Stone's Fall

Stone's Fall Stone's Fall by Iain Pears


My rating: 4 of 5 stars
Stone’s Fall is a historical novel, no doubt. The atmosphere and scenes are steeped in the 19th century – even the language, if I may assert. In essence, though, this novel is a thriller; and one of the best I’ve ever read, even if I ever read one only occasionally.

It has all the usual elements of that genre: intrigue, espionage, sex. These are the main ingredients, but then Spears throws in more stuff: a little bit of the supernatural in the form of séance, and near the end of the book, we realize there has been incest.

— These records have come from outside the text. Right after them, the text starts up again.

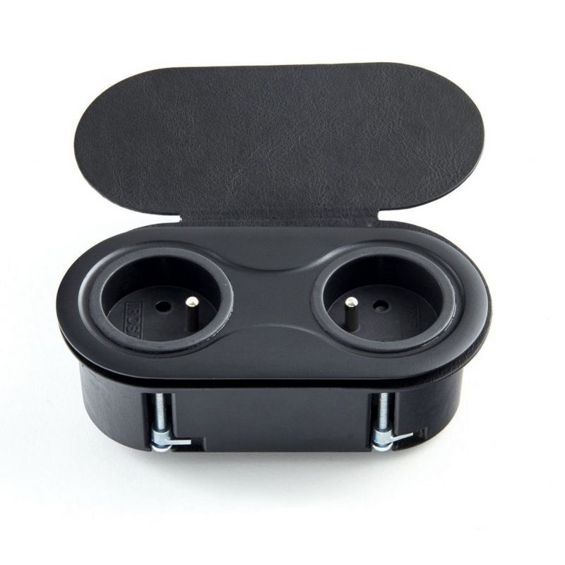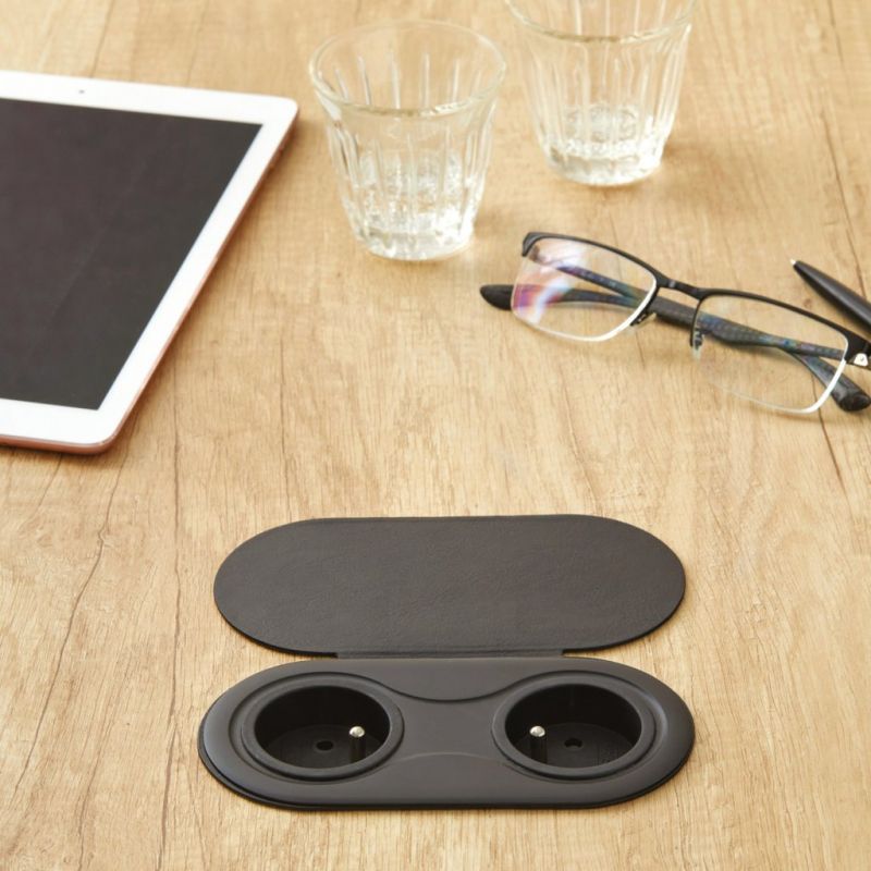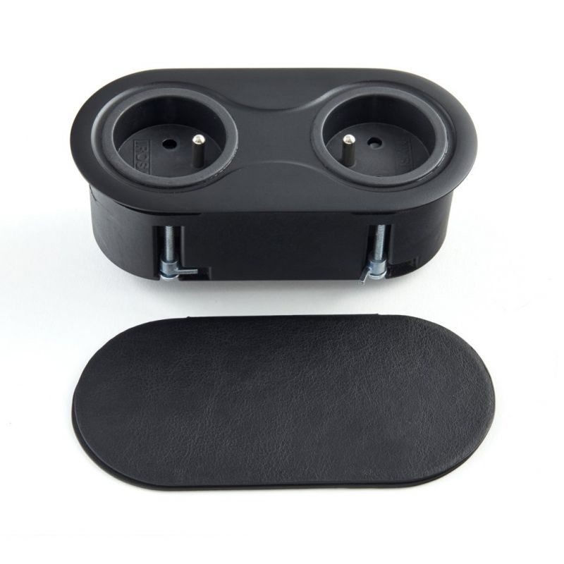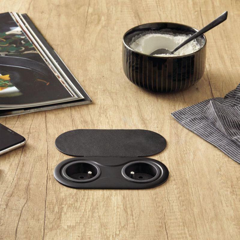 Bloc 2 prises INFINI avec clapet affleurant à encastrer dans un plan de travail, Noir mat
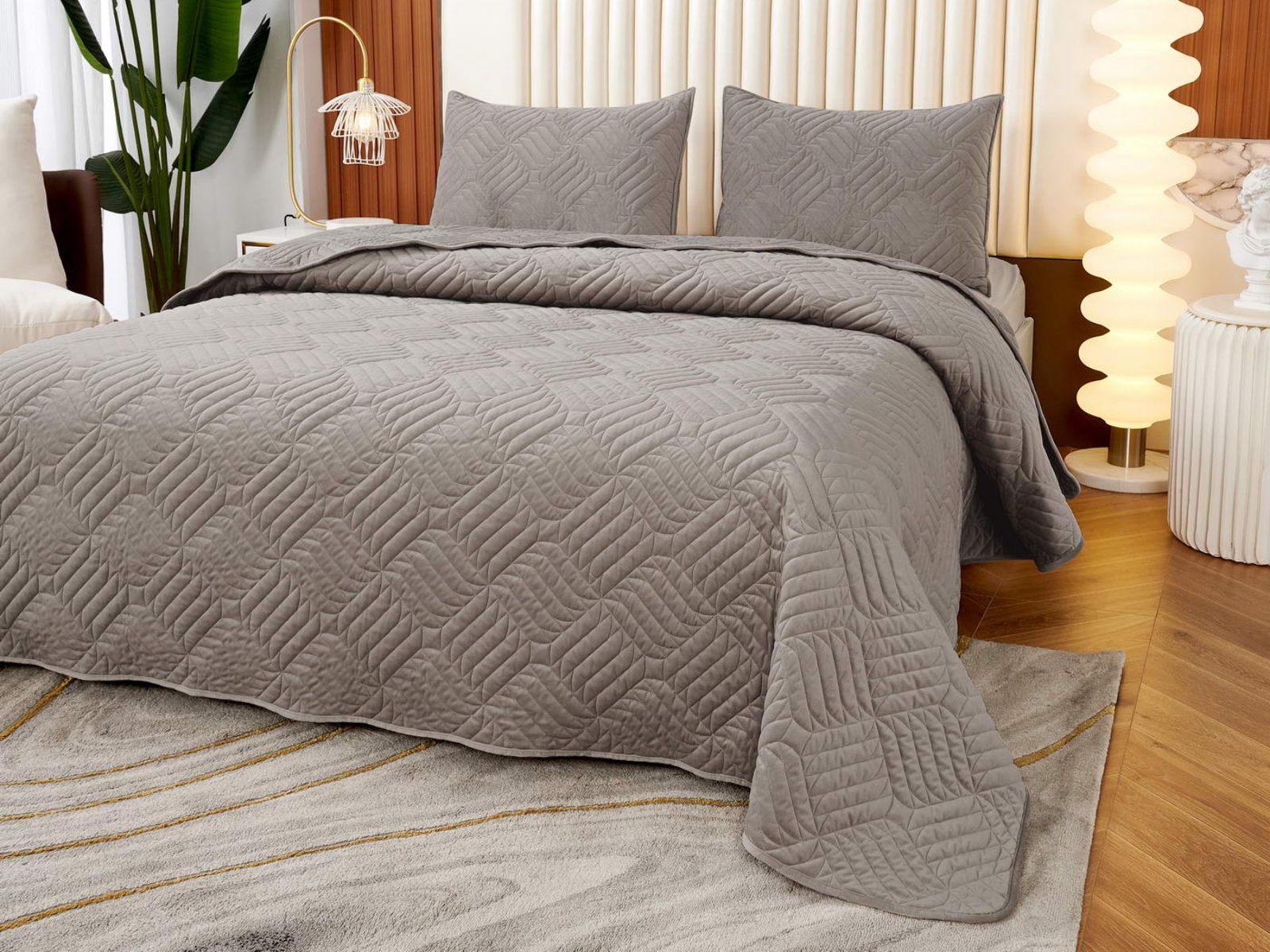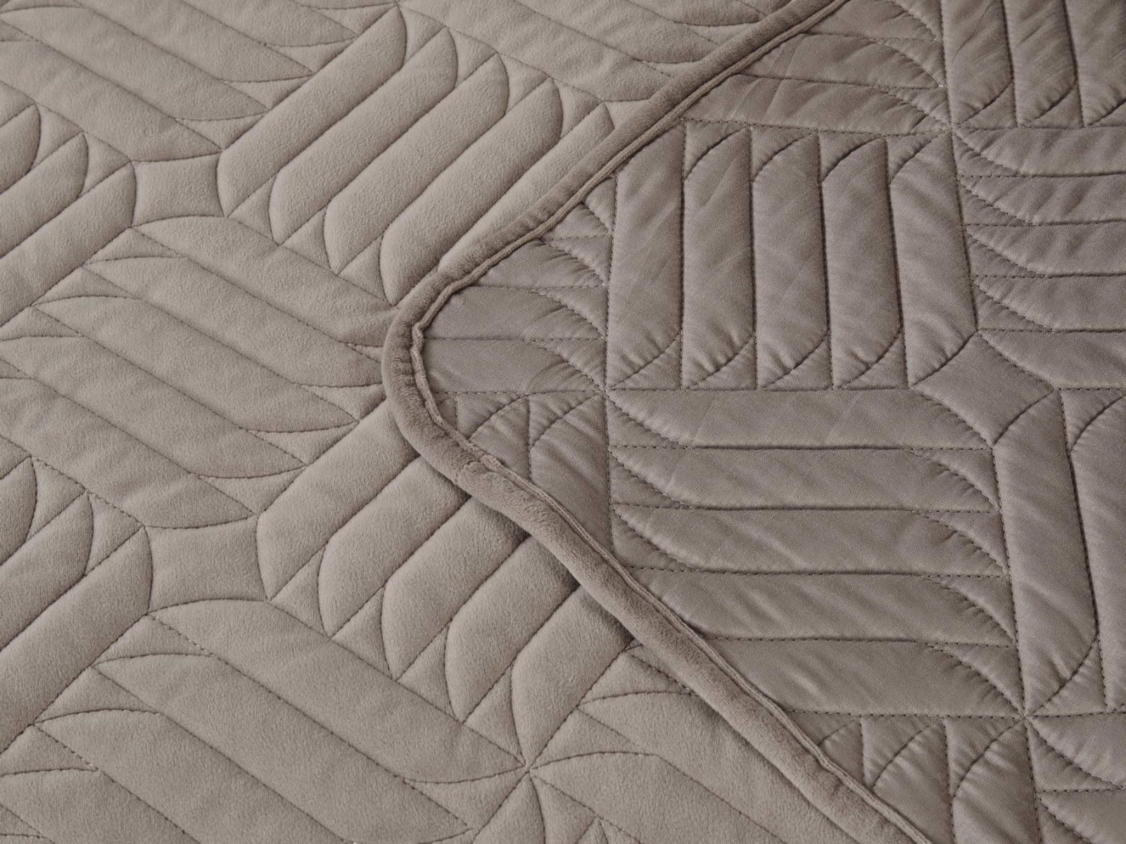 Покрывала выполнены в 10 оттенках: крем, мокко, пепельный, песочный, светло-бежевый, светло-серый, серый, темно-серый, чайная роза и черный. Стежка в виде геометрического орнамента подойдет к любому современному интерьеру. Из-за особого плетения, велюровая ткань покрывала отражает свет и красиво переливается при различном освещении.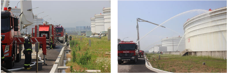 2018年06月15日上午9:30,青島煉化公司聯合青島市消防支隊、黃島國家原油儲備庫、麗東化工消防隊等單位在黃島國家原油儲備庫舉行2018年度軍企聯勤聯訓消防實戰演練,有效檢驗了企地聯合作戰、聯合調度指揮應對重大火災等應急救援任務,聯合保障救援現場裝備和物資供應的能力。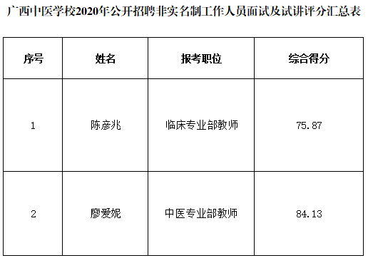广西中医学校(taptap点点体育附设中医学校)2020年公开招聘非实名制工作人员面试成绩及试讲成绩公告 发布时间:2020-05-25 10:11:02 浏览次数: 次 【字体:小 大】 根据《广西中医学校(taptap点点体育附设中医学校)2020年公开招聘非实名制工作人员符合条件人员公示》,学校于2020年5月21日上午对应聘人员进行面试及试讲,现将成绩公示如下,请各位考生自行查阅。 2020年5月22日 分享到: 【打印正文】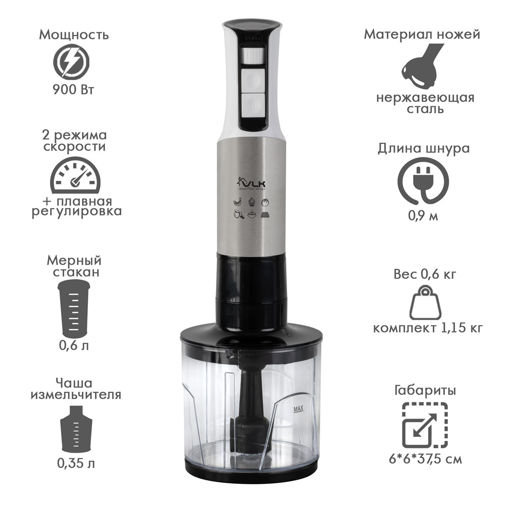Два режима скорости + плавная регулировка скорости, Специальная форма погружной насадки предотвращает попадание брызг на рабочую поверхность, Эргономичный дизайн, Низкий уровень шума и вибрации , Материал ножей: нержавеющая сталь, Снятие насадки одним легким движением, Скорость вращения ножей до 15500 об/мин, Защита от перегрева мотора, Дополнительный комплект аксессуаров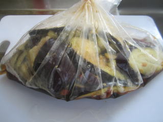 フリーザーパックにナスを入れ、醤油、刻みナンバンを入れ、冷蔵庫へ。1夜で食べられる。2025.08.20 7:19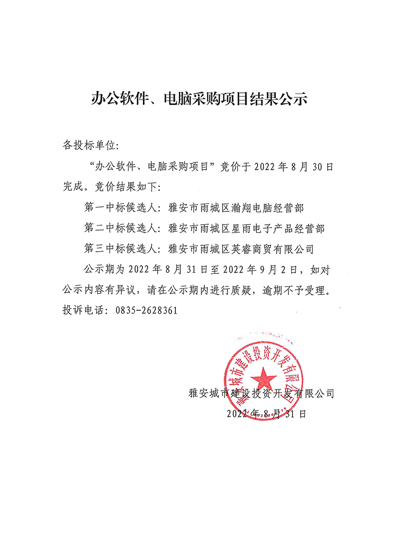 雅安城市建設(shè)投資開發(fā)有限公司辦公軟件、電腦采購項目結(jié)果公示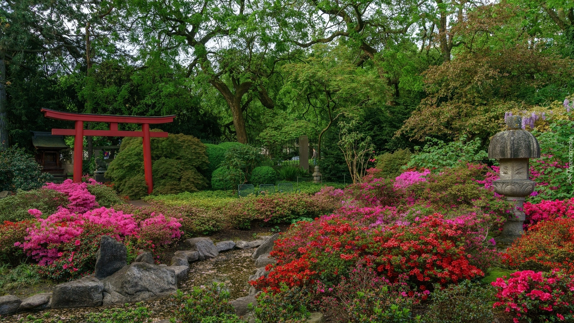 Edytor tapety: Azalie nad strumieniem w ogrodzie japońskim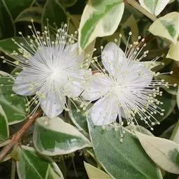 香桃木是桃金娘科香桃木属植物。枝四棱,幼嫩部分稍被腺毛;叶芳香,革质,叶片卵形至披针形;花芳香,…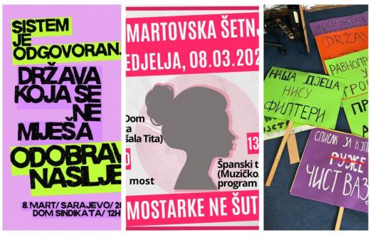 Za 8. mart, Međunarodni dan žena, najavljeni su protestni marševi u Sarajevu, Mostaru i Banjaluci.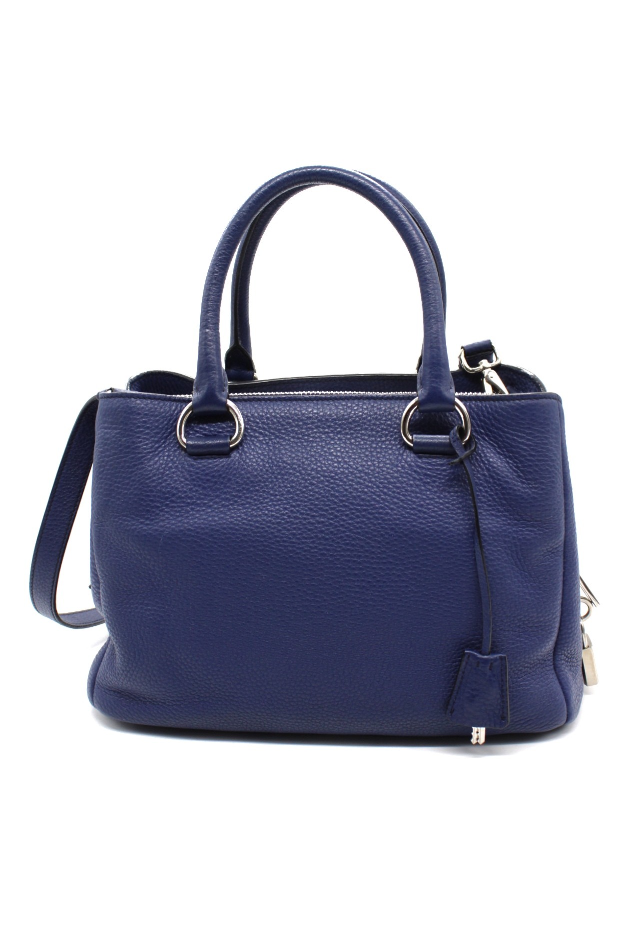 Borsa Prada in Pelle Martellata Blu con parti metalliche argentate. Da portare a mano oppure a spalla grazie alla sua tracolla regolabile e amovibile. Borsa perfetta per tutti i giorni. Articolo in ottime condizioni corredato di dust bag.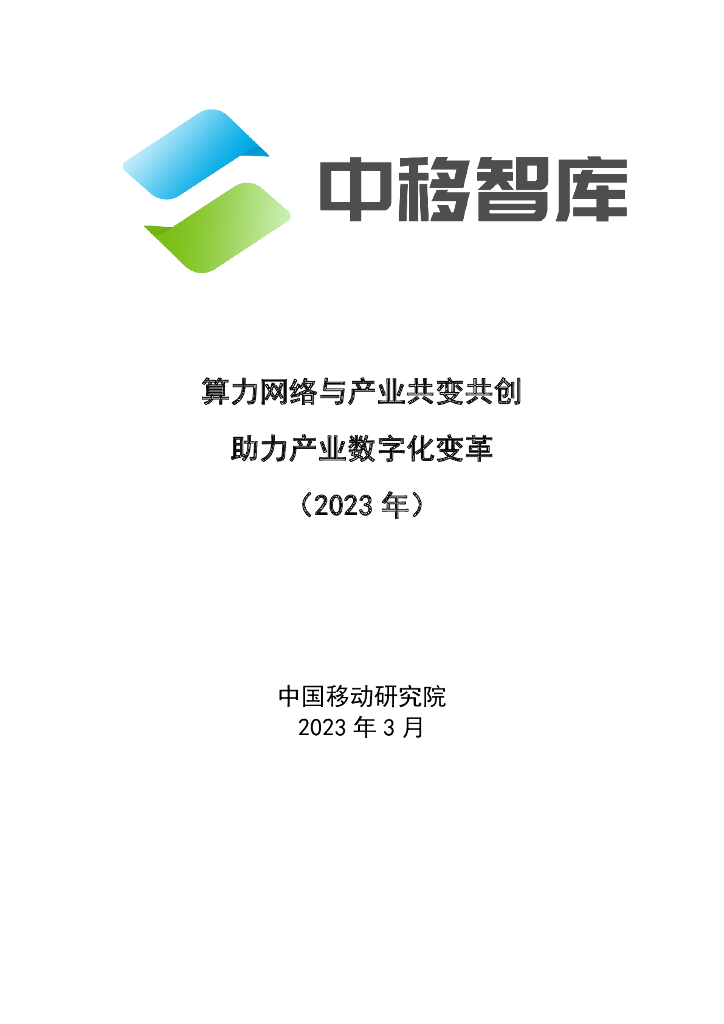 中国移动研究院:算力网络与产业共变共创助力产业数字化变革报告(2023).pdf
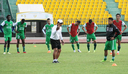 HLV Vũ Quang Bảo (giữa) chỉ đạo các học trò tập luyện trên sân Cần Thơ chiều ngày 10-12. |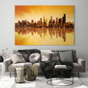 Architektúra mesta, zobrazená v zlatých tónoch, symbolizuje modernosť a štýl. Odraz mrakodrapov vo vode dodáva hĺbku a jedinečnosť a vytvára mimoriadny vizuálny efekt. Tento obraz sa dokonale hodí do priestorov, ako je obývačka, kancelária alebo spálňa, a dodá im eleganciu a sofistikovanosť.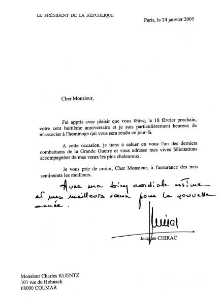108 Jahre und die Glückwünsche vom Präsidenten Jacques Chirac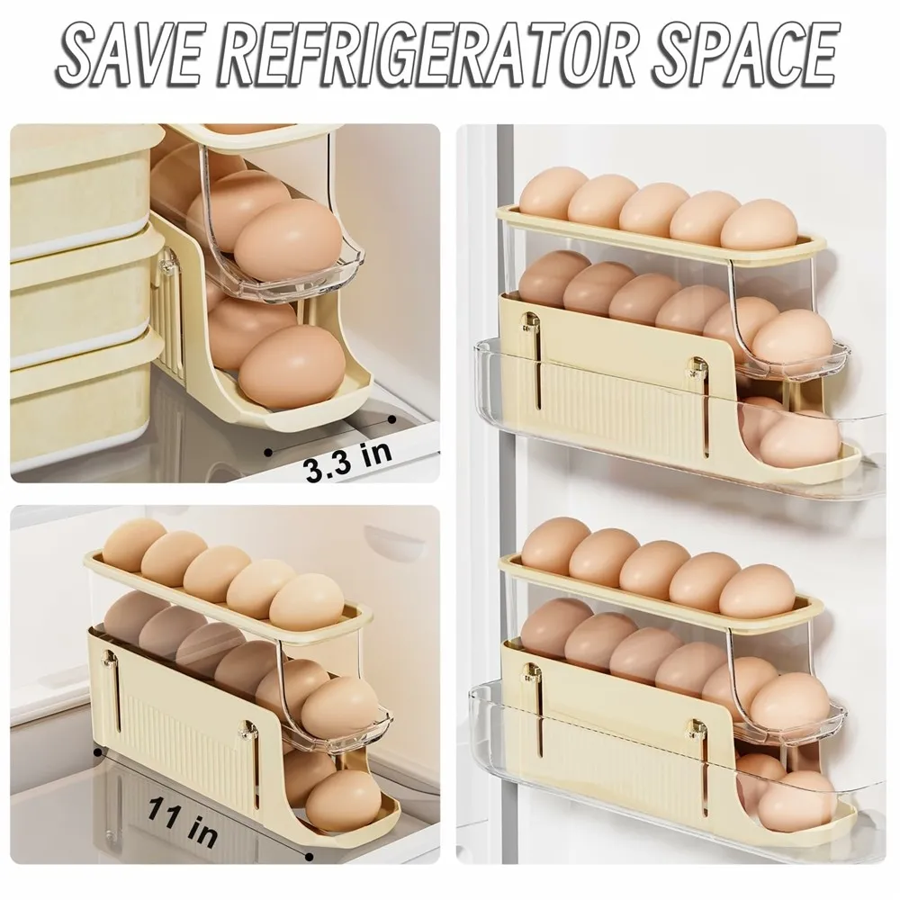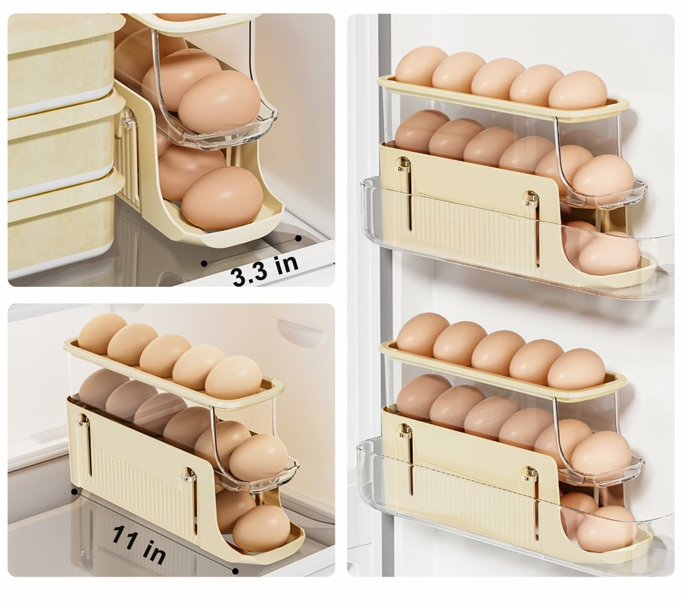 Praktický třípatrový zásobník na vejce pomáhá udržet pořádek v lednici a zároveň chrání vejce před poškozením. Díky systému automatického posuvu se vejce po odebrání plynule posunou dopředu, takže jsou vždy snadno dostupná. Kompaktní konstrukce umožňuje umístění na polici nebo do bočních dveří lednice. Béžové provedení působí čistě a přirozeně zapadne do každého interiéru.

The start of the novel shows us the first main character, Matthew Braddock as an old man attending the funeral of a woman he once worked for and fell in love with. The woman is Elizabeth, who had hired him to investigate the death of her husband. She did not believe it was an accident, his falling from a window. Besides, she wanted to find out why he had left a huge sum of money to a child she never even knew existed.

The book is compartmentalized into three sub-books or sections The first has Matthew working for Elizabeth, the second has one Henry Cort working as a spy for the British government; and the last has Elizabeth’s husband, John Stone telling his side of the story, before his death.

So, you can imagine these would make up quite a hefty novel of over 600 pages. Let me tell you, reading it in my Pocket PC took over 3000 flipping of pages! But, despite this, I never tired of it, as the story and the plot thicken with every page.

In the end, Stone’s Fall took me quite a bit of time to finish. At times Pears gives the reader too much dry information about the world of banking and finance, for example. However, when I was approaching the few final chapters of the third book, I couldn’t put the book (or rather the PPC) down. Like any good thriller with spies and intrigues, it has a good dose of explosions in the end. Verdict: this, very cliché, but very unputdownable.